XI. ОПРАВДАНИЯ ГЕРЦОГА

  
   Густав ответил не сразу.
   - Вот видишь ли, - заговорил он, как и брат, по-немецки, - я давно хотел сказать тебе... Неужели же нельзя без этого?.. То есть я не обижать тебя хочу, но я шел к тебе сегодня, и мне было так весело, я так был полон надежд... но об этом потом... теперь не могу... И вдруг опять эти сыщики и Тайная канцелярия... Мне это вот тяжело показалось...
   Герцог пытливо и пристально посмотрел на него, потом как-то криво улыбнулся.
   - Ты, наверно, думаешь о женщине теперь? - спросил он.
   - О женщине? Почему о женщине? - удивился Густав.
   - Потому что рассуждаешь, как женщина. А ведь тебе сорок лет! - неожиданно добавил герцог с тою покровительственною снисходительностью, с которою обыкновенно говорят старшие братья с младшими, по первым детским воспоминаниям считая их всю жизнь чуть ли не детьми. - Да, тебе сорок лет, - повторил он, - и ты - командир полка, герой войны - и гражданские мирные распоряжения тебя ужасают, как будто ты на войне не видал еще больших ужасов?
   Густав никогда не любил длинных и сложных "приватных", как он называл их, разговоров. Все, что касалось военного артикула и с чем свыкся и был знаком он до мельчайших подробностей, было так просто и ясно, и ему так нравилась эта простота и ясность, что к хитрым доказательствам он чувствовал себя совершенно неспособным.
   Но как ни претили ему эти доказательства, в данном случае ответ показался слишком ясен, и он ответил:
   - Война - совсем другое дело: там я рискую своей жизнью одинаково, а тут - нечто иное... Наконец, на войне нельзя обойтись без этого, а при "мирных распоряжениях"... Ты ведь сам сказал "мирных"...

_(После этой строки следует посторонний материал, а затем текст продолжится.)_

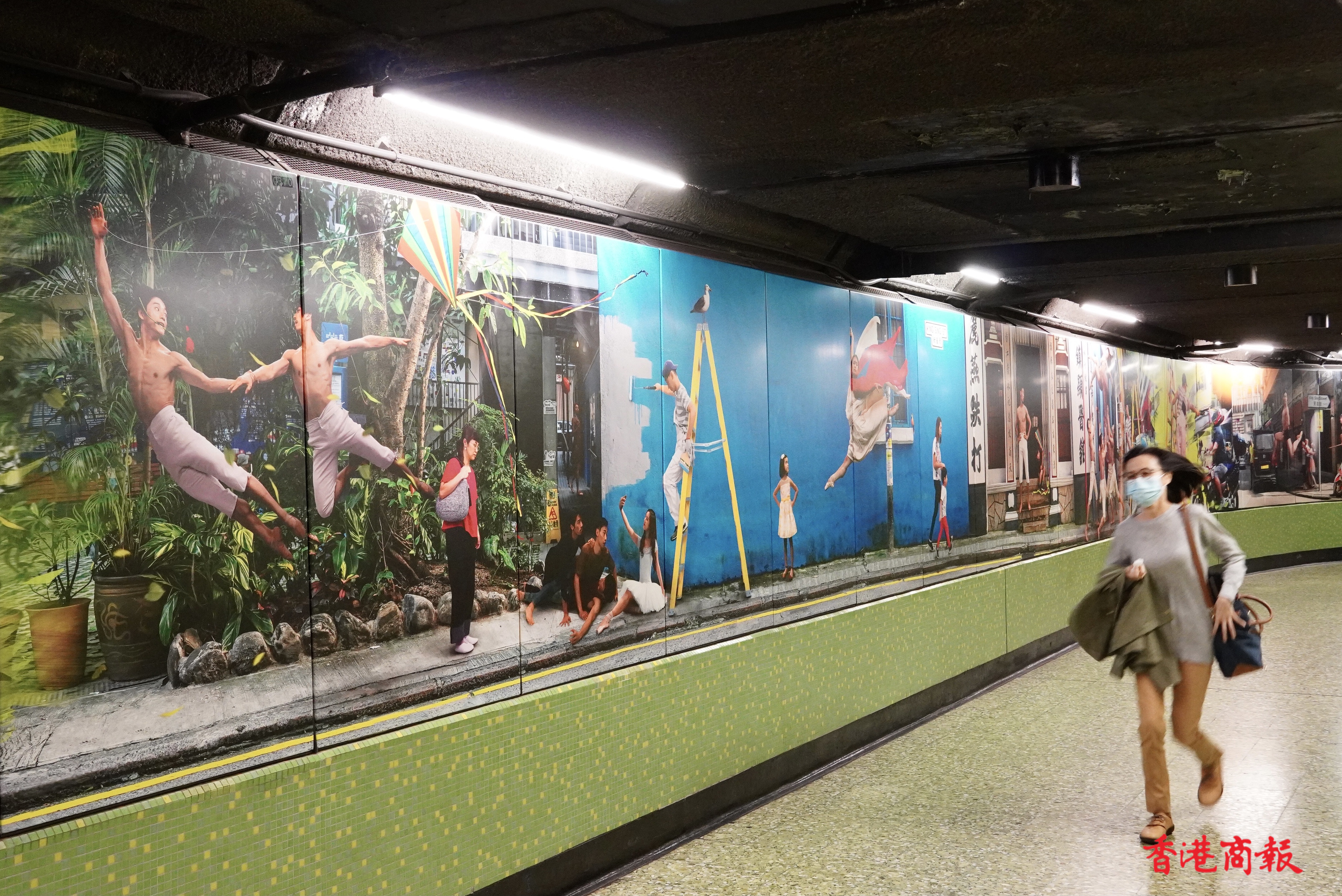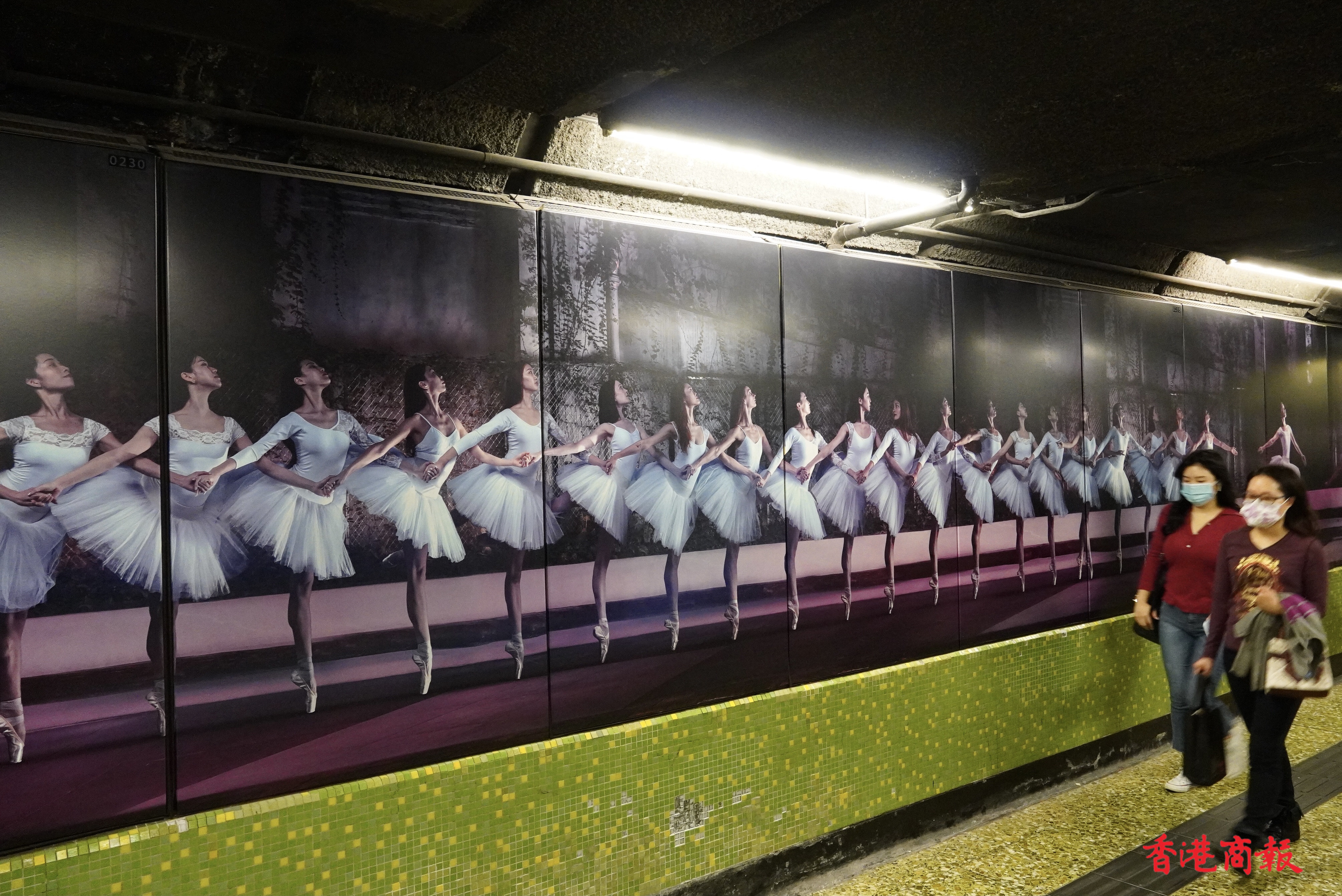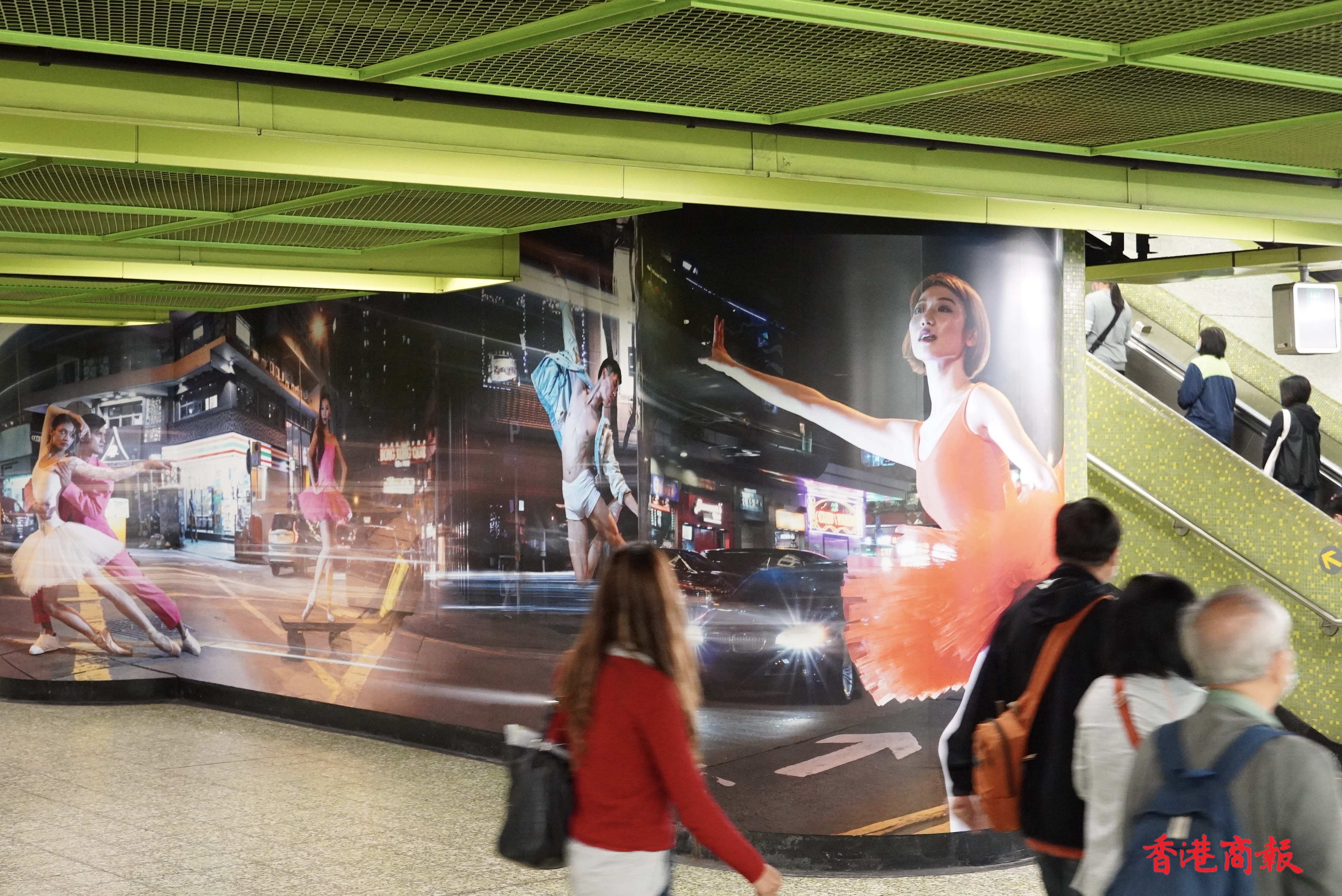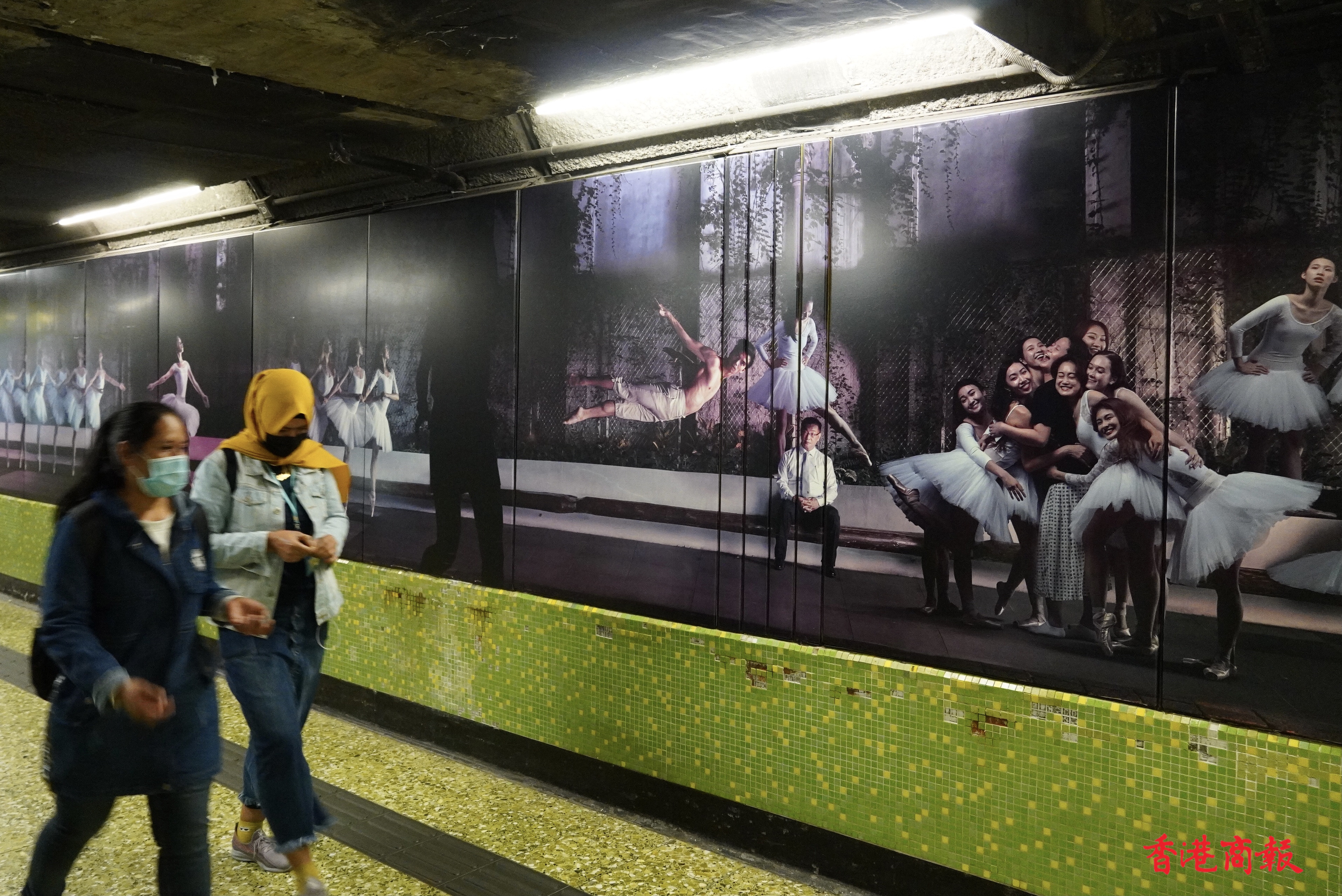 繁忙的港鐵灣仔站,牆壁上出現了約長一百五十米「這是灣仔」的大型攝影藝術裝置。作品由多媒體藝術家Jevan Chowdhury構思,共有40多名舞蹈員及巿民參與其中。鏡頭捕捉了香港芭蕾舞團的舞蹈員,在灣仔不同街道和行人的互動的舞姿。作品通過現實與想像交融的鏡頭,紀錄「人生如戲,戲如人生」的日常生活面貌。港鐵灣仔站彷如化身為生動的表演舞台,讓乘客途經時可以樂在其中,感受藝術氣氛。(馮俊文 攝)

   Бирон перестал улыбаться, серьезно взглянул на брата и произнес:
   - Может быть, и не только может быть, но даже наверно настанет такое время, когда эти суровые средства будут не нужны и о них станут вспоминать с содроганием, точно так же, как может прийти пора, когда и война станет немыслима. Но пока это невозможно... Да, я не знаю, как обошелся бы кто-нибудь на моем месте без Тайной канцелярии... И потому то, что делается у нас, это - детская игра в сравнении хоть бы с судами в Австрии, например...
   Убежденный тон, которым заговорил герцог, сразу победил и обрадовал его мягкосердечного брата. Побежденным он чувствовал себя уже заранее, потому что заранее знал, что не найдет доводов, противных тем, которые представляли ему, а обрадовался потому, что ему приятнее было в данном случае чувствовать себя побежденным. И потому он не возражал уже, но только спрашивал.
   - Неужели и в Австрии существует это "слово и дело"? - спросил он.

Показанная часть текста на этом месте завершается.